黒蛇も全速力でエリアルヘロンのコックピットを貫かんと追跡する。



「まだだ、あと少し」



俺はタイミングを見計らった。



動悸が身体中を火照らせる。



黒蛇が迫ってくる。



「今だ!」



俺は急ブレーキをかけた。



黒蛇がとんでもない速さで近づいてくる。



「うおおおおお!」



バギュゥゥゥゥン!



黒蛇が回避しようと上昇するが間に合わなかった。



黒蛇の下腹部をバーストマグナムが貫く。



黒蛇が爆発四散した。




「、、、、、勝った?もしかして俺、黒蛇に勝ったぁぁぁぁ!?」



俺は喜びを爆発させた。



⭐️⭐️⭐️



「聞こえるか?ハナサギ、ハナサギ!」



ミネーは懸命にハナサギの名を読んでいた。



突如通信が途絶えたのを察知したミネーとカガリは通信妨害の原因を探っていたのだ。



通信を何度も試みていると、突然ハナサギの絶叫が耳にこだました。



「勝ったぁぁぁぁ!?」



「うるさっ!」



「繋がったか!」



カガリが安心したように尋ねる。



「聞いてくれよ、ミネー!俺黒蛇に勝ったぜ!」



「ったく、心配、、、、、へ?黒蛇?」



ミネーが呆然とする。



「黒蛇が同時に二機も?」



カガリが訝しむ。



「いやいや、黒蛇だぜ?」



ミネーがそこじゃないだろ、と言わんばかりにツッコむ。



「あ、そうか。凄いじゃないか」



カガリは思い出したように軽ーく褒めただけだった。



「えー、さすがS(シンギュラリティ)って感じだなぁ」



「天体破壊兵器の格納場所は見つけているわ。バーストマグナムで攻撃してみたけど針穴ひとつ開かなかったわ。兵器が露出するのを待つしかないみたいよ」



エレンが報告する。



「分かった。艦隊を進軍させよう。おそらくこいつはシールドやターボレーザーを一切搭載していない。アーマードスーツだけで防空機能を担っているんだろう」



「そんな脳筋か?」



「エネルギーを天体破壊兵器に集中させている、と言う設定なんだろう。
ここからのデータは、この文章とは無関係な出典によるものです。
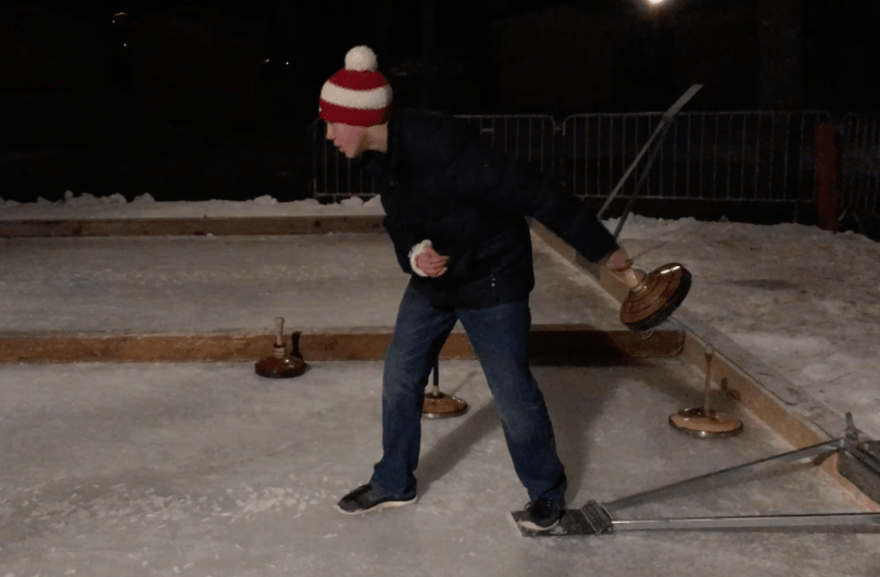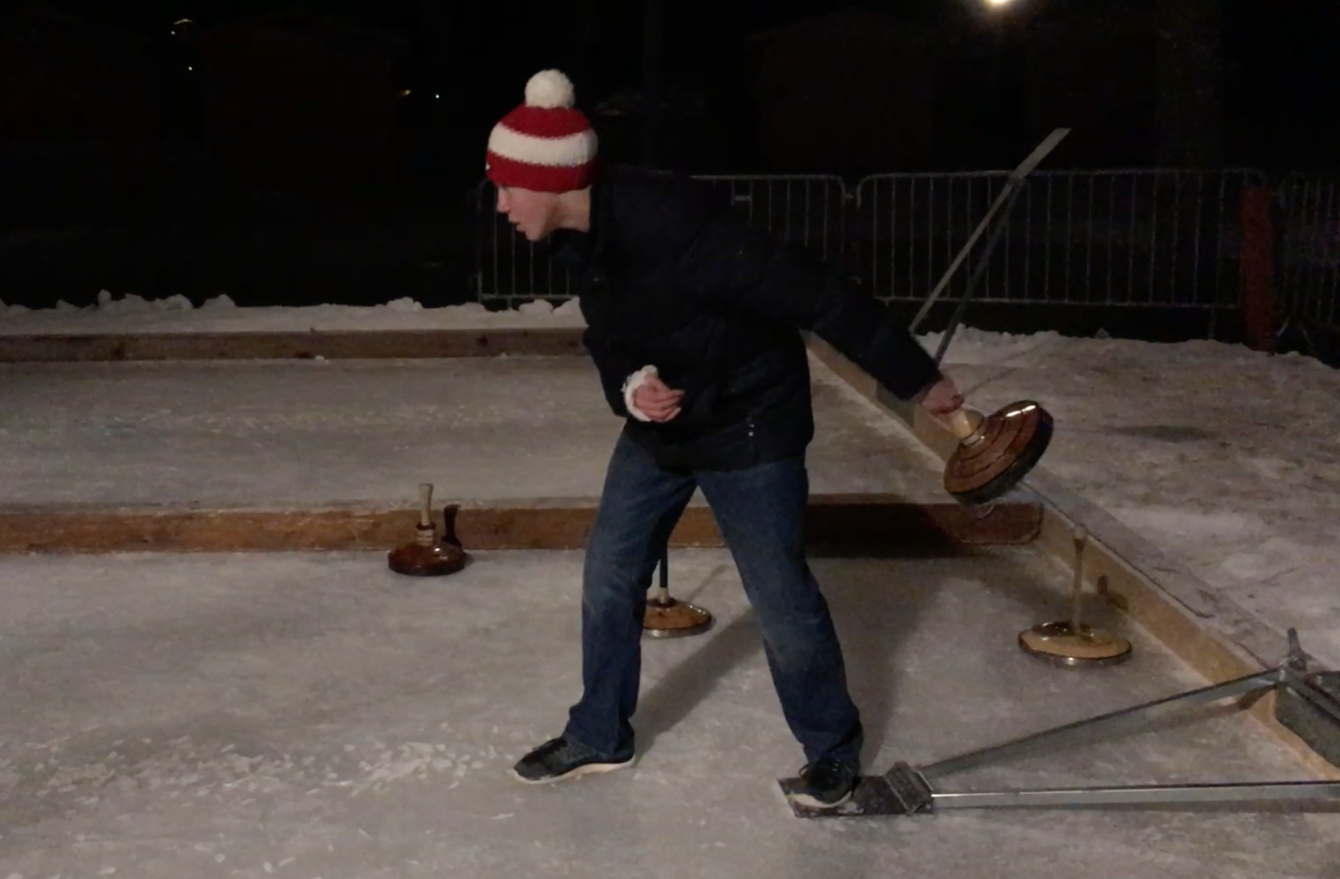 eisstock February 22, 2017 1894 × 1242 New Year’s in the Austrian Alps Lukas shows us how it’s done left-handed. The metal skid plate he’s standing on is intended to give him traction so he doesn’t slip and fall while throwing the weight.

俺たちができることは天体破壊兵器が露出するまで、ひたすらアーマードスーツを倒すことだ」



「分かった。アリス達もこっちに呼ぼう。敵はできるだけ前の方で抑えた方が良いと思う」



俺の意見に皆が賛同する。



⭐️⭐️⭐️



《と言うわけだ。艦隊を動かしてくれ》



カガリからの通信を受け取ったユカが指示を出す。



「了解。グレイス、全部隊をデモンズへ向かわせて」



《は?なに言ってるんだ?》



「そのまんまよ。全部隊を動かして」



《ユカ艦長》



フレイが通信を繋いできた。



《この戦闘のゆくすえをあなたに託します。後は私がなんとかします。だから、だからデモンズを、、、、、》



「言うに及びませんよ、フレイさん。もとよりそのつもりなので。全艦隊に告ぐ!これよりデモンズに一切攻撃を仕掛ける。最大戦速でデモンズへ進軍せよ!」



ユカの指示を受けた艦隊が動き出す。



グレイス達もデモンズに向けて移動を開始した。



⭐️⭐️⭐️



その日、『スペースウォーリャーズ』の歴史に新たなプレイヤーネームがひっそりと刻まれた。



エリアルSシンギュラリティプライマル、カガリ以来初となる黒蛇の単独撃破者。